I remember in Chicago, the last Winter I was there we had preaching every afternoon. We went out with invitations into saloons, billiard-halls, &c., and we got a large audience there every afternoon, and we had a new minister every day. We wanted to bring in all denominations to keep harmony, and I believe there was one solitary conversion after preaching thirty days. If we had only stuck to one minister I believe we would have done a great work then and there, and if we are going to have successful evangelistic services we cannot be changing speakers every night. And that is why it is best to get a man out of town and all will unite on that one man. I wish we could get rid of this jealousy. If we could unite on one man and support him with our prayers and our money, if it need be, and just work with him, there would be results. I never knew it to fail yet. It is just this party feeling that comes in and prevents the good results we expect. We are afraid this denomination won't like it, and that denomination won't be properly represented.

Then these meetings ought to be made short. I find a great many are killed because they are too long. The minister speaks five minutes, and a minister's five minutes

is always ten, and his ten minutes is always twenty [laughter]; and the result is you preach everybody into the spirit and out of it before the meeting is over. When the people leave they are glad to go home, and ought to go home. Now, you send the people away hungry and they will come back again.

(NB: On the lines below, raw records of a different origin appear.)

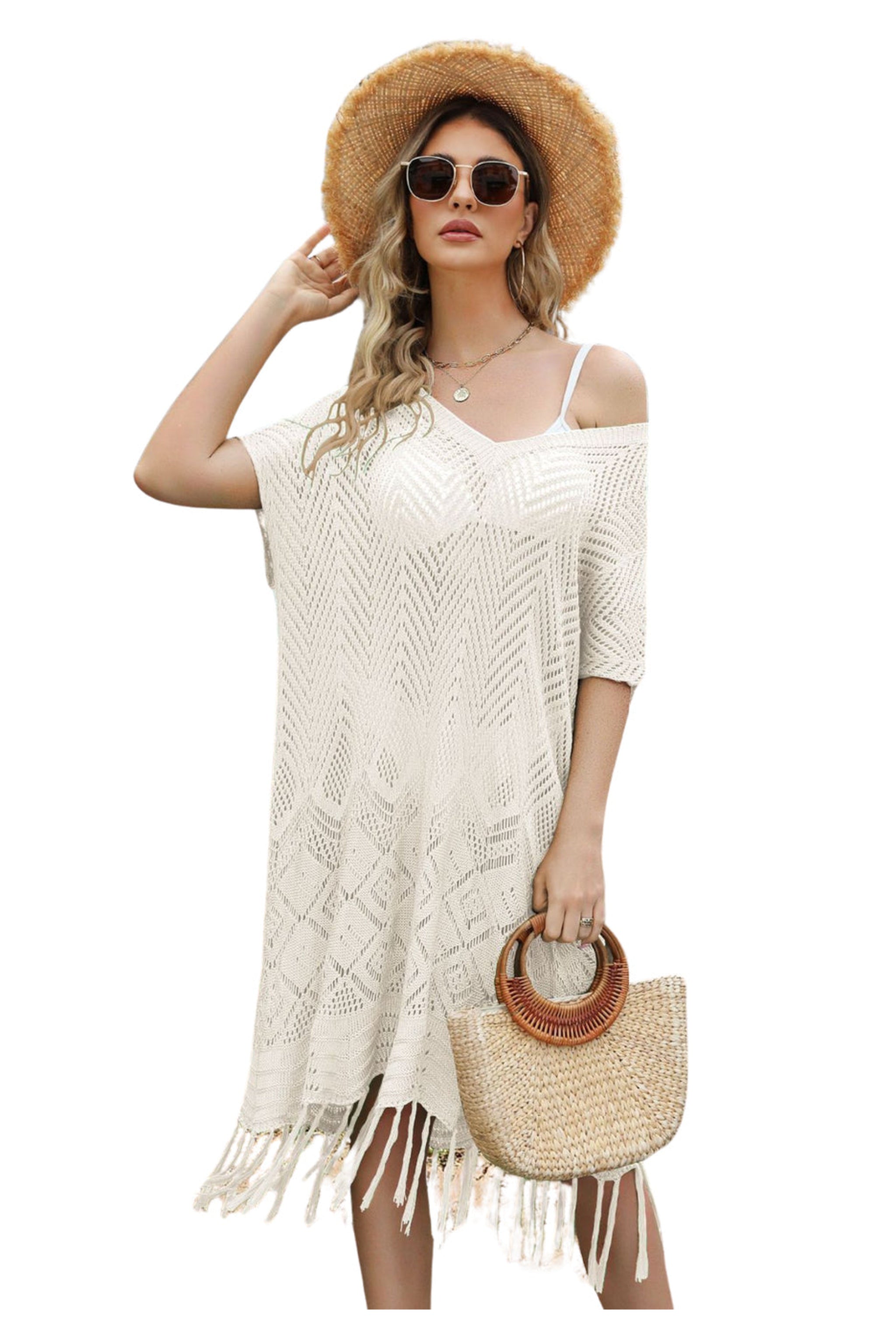 Tunique cache-cœur à manches courtes et col en V avec franges en tricot
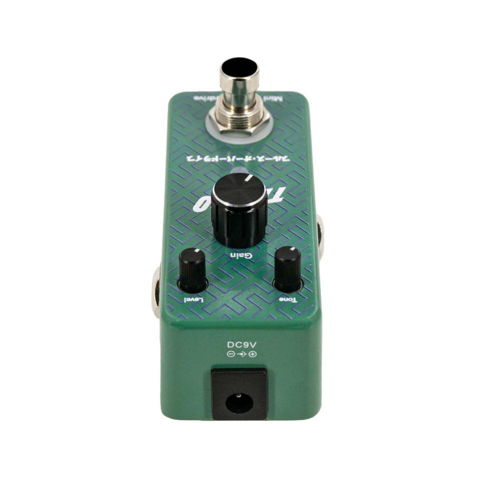 Teisco Mini Blues Overdrive(テスコ・ミニ・ブルース・オーバードライブ)は、ピッキングのニュアンスにしっかり反応する、ベルのように澄んだトーンとタッチセンシティブなオーバードライブを実現します。ルーツロックやクラシックロックに合う温かみのあるサウンドにチューニングされており、小型の低ゲインなヴィンテージコンボアンプをフルにドライブしたような感触を、そのままポケットに収まるサイズで体感できます。
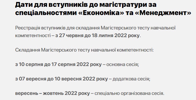 Щоб вступити на спеціальності 051 «Економіка» та 073 «Менеджмент», потрібно скласти магістерський тест навчальної компетентності (або пройти індивідуальну усну співбесіду з іноземної мови, якщо вступник вже має диплом магістра чи спеціаліста) та фаховий іспит, а також написати мотиваційний лист.
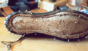 8. The insole was beaten to the last to try to shape it. |
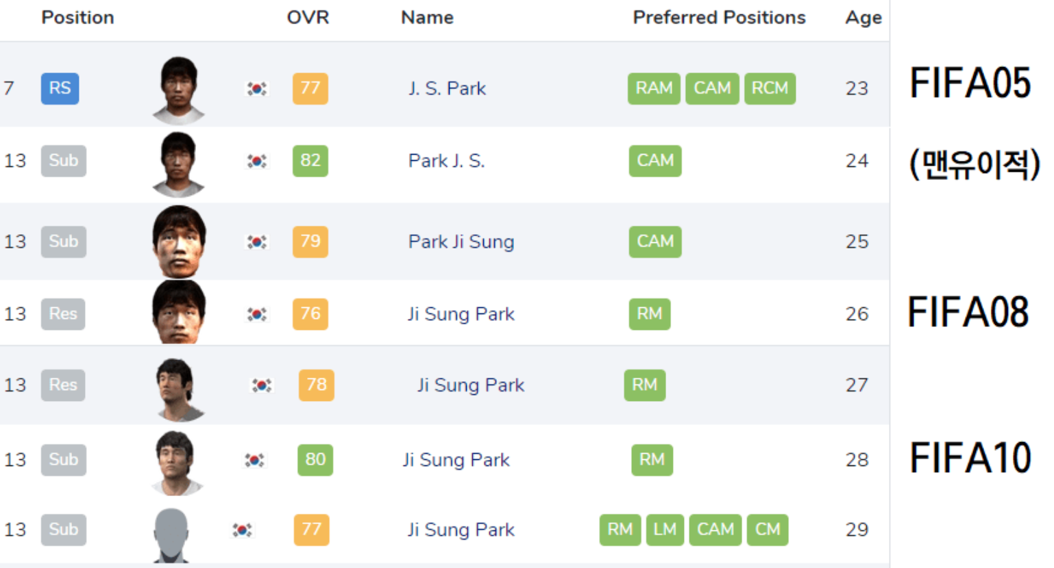 14년도의 박지성과 2002년 박지성이 다른 것처럼 말이다.
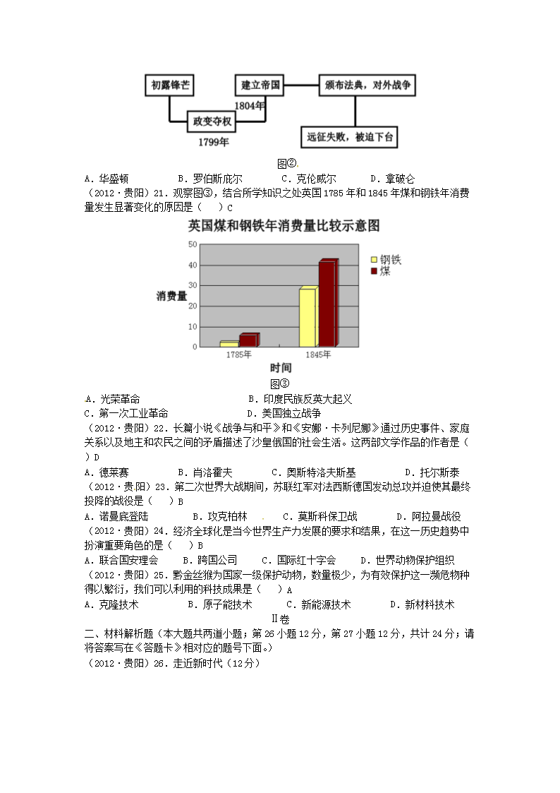 【文档名称】 2012年贵州贵阳市中考历史真题及答案(Word版).doc

There was a man in London who preached in the open air until everybody left him, and somebody said, "Why did you preach so long?" "Oh," said he, “I thought it would be a pity to stop while there was anybody listening." [Laughter.] It is a good deal better to cut right off, then people will come back again to hear.

How to Conduct Prayer Meetings.—I have noticed, said he, in travelling up and down the country, and after mingling with a great many ministers, that it is not the man that can preach the best that is the most successful, but the man that knows how to get his people together to pray. He has more freedom. It is so much easier to preach to an audience that is in full sympathy with you than to those who are criticising all the time. It chills your heart through and through. Now, if we could only have our prayer-meetings what they ought to be, and people go, not out of any sense of duty but because they delight to go, it would be a great help to a minister in his Sunday services. Now, I find it a great help in prayer-meetings to get the people right up close together, and then get myself right down among them. I believe many a meeting is lost by the people being scattered.

Another important thing is to see that the ventilation is all right. Sometimes I have been in rooms where I think the air must have been in there five or six years. You cannot always trust the janitors to take care of it. The people get sleepy, and you think it is your fault. Very often such a thing is the fault of bad ventilation.